Dodek noted he was surprised to learn on a recent trip to California that a large Los Angeles law firm expects all of its lawyers, including equity partners, to spend at least 60 hours per year on pro bono work.

“This is part of their annual report for compensation purposes,” he noted. “If a lawyer — partner or associate — does not meet the 60-hour benchmark, he or she must explain why. When law firms place a value on pro bono in such a manner it succeeds in inculcating a pro bono culture much more than any law society regulation.”

In its rule titled “Making legal services available” the Model Code of Ethics of the Federation of Law Societies of Canada (FLSC), the umbrella group for Canada’s 14 legal regulators, obliges lawyers to make legal services available to the public “efficiently and conveniently,” but it does not say lawyers are obliged to do any pro bono legal work.

Rather, the rule’s commentary observes that “as a matter of access to justice, it is in keeping with the best traditions of the legal profession to provide services pro bono and to reduce or waive a fee when there is hardship or poverty, or the client or prospective client would otherwise be deprived of adequate legal advice or representation. The Law Society encourages lawyers to provide public interest legal services and to support organizations that provide services to persons of limited means.”

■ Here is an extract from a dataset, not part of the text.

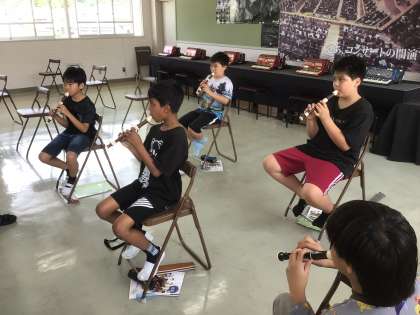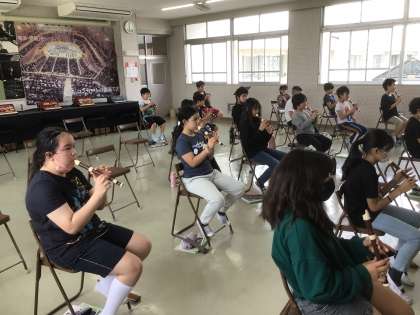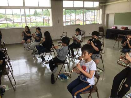 5年生の音楽の授業の様子です。「小さな約束」という曲の前半部分をリコーダーで演奏する練習をしました。最後まで上手に吹けるように頑張ってね。
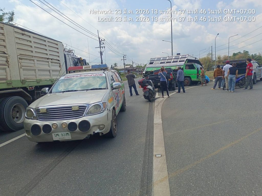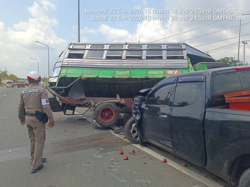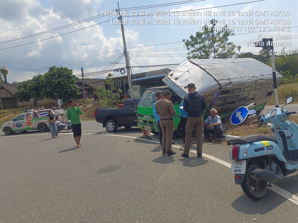 จราจรอำนวยความสะดวกการจราจรเหตุ ว.๔๐ เพื่อป้องกันเหตุซ้ำซ้อน 23/03/2569 โดย admin / งานจราจร,งาน จร.เดือน มี.ค.69 วันนี้(๒๓ มี.ค.๖๙) เวลา ๑๓.๕๐ น.ร.ต.อ.สุรศักดิ์ บุญมา รอง สว.(ป.)สภ.สอยดาว ปฏิบัติหน้าที่จราจร ออกอำนวยความสะดวกการจราจรเหตุรถยนต์โดยสารประจำทางกับรถยนต์กระบะ บริเวณยูเทิร์นซอยพัฒนาร่วมใจ มีผู้ได้รับบาดเจ็บ ๒ ราย กีดขวางการจราจร

Under the rubric of Integrity, another FLSC model rule states that: “a lawyer has a duty to uphold the standards and reputation of the legal profession and to assist in the advancement of its goals, organizations and institutions.” Lawyers are thus collectively encouraged to enhance the profession through such activities as participating in legal aid and community legal services programs or providing legal services on a pro bono basis; and acting as directors, officers and members of non-profit or charitable organizations.

Morgan Cooper

Morgan Cooper, FLSC’s vice-president and president-elect

Morgan Cooper, the FLSC’s vice-president and president-elect, told The Lawyer’s Daily that the influential organization “shares the chief justice’s concerns about access to justice in Canada. It is a complex problem that requires a multifaceted response.”

Cooper said the FLSC’s Standing Committee that is revising the Model Code of Ethics has put access to justice on the list of issues it is considering for discussion with member law societies as it continues to update the code.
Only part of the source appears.